View PostMischiefSC, on 14 November 2017 - 02:10 PM, said:


Tonnage.



I would bet that if you put the 12 best players together in a random group of 24 and this group had 50% less tonnage, it will still win most of the game. I.e. tonnage is one predictor and might make a difference when total skill is balance. I for one love to see plenty of 100 tonners when I play a locust :)


View PostMischiefSC, on 14 November 2017 - 02:10 PM, said:

Also the MM is not there to give a 50/50 chance; it's there to test predictions. You really want it to be off by as much as 8% to start, usually though about 4% assuming it has the confidence of 120+ matches per player involved. You want the variance to be off by a bit more than estimated margin of error. At least until you get the players to a point where your confidence in their score is 98-99%, but that's a lot of matches.

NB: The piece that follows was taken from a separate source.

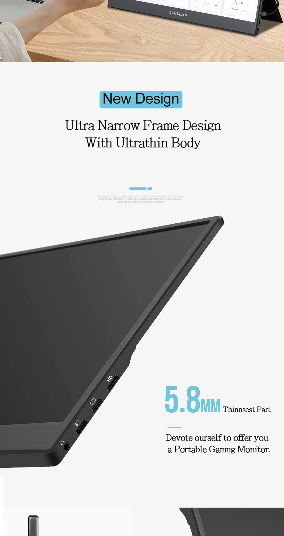 【 Портативный ультра тонкий светильник Вес 】ZEUSLAP ZP156T 15,6 дюймов сенсорный экран Портативный монитор использует самую последнюю удобному материалу эта его Вес светильник er и корпус тоньше. Легко положить в портфели и стать идеальным компаньоном для путешествий для ноутбуков, чтобы максимизировать эффективность работы.

The MM is there to make balanced matches, 50/50 is the goal. With my current season, and only with some 50 matches, I am sure it doesn't work as I'm already more than 3 standard deviations away from 50/50 per the binomial distribution. Otherwise, what is the point of MM? Why not just randomly put people together?


View PostMischiefSC, on 14 November 2017 - 02:10 PM, said:

Oddly the more I think about it the more I think you sorta DO want tiers - just based of confidence in the players ranking. So the higher the confidence level the tighter you can try to make the balance for matchmaking and still be making accurate adjustments from the results.


Tier is something to counter skill. Skill makes you win most of your matches, but if you're matched against someone of equal tier, it SHOULD lower you back to 50% again. If Tiers did it's job, most people would have a WLR of 1, with rare exceptions of 1.3, 1.5, etc, but you would never see 3, 4, 5 lol!

View PostMischiefSC, on 14 November 2017 - 02:10 PM, said:

KDR/Damage/Match Score are associated metrics, not predictors. At the highest tiers of performance you'll very likely see a tight correlation because everyone already has a comparable skillset. Out side of that top few % (probably 7 or 8%, on the skill curve that's the point where it turns into more of a cliff than a curve) W/L will have way less viable relation to other metrics.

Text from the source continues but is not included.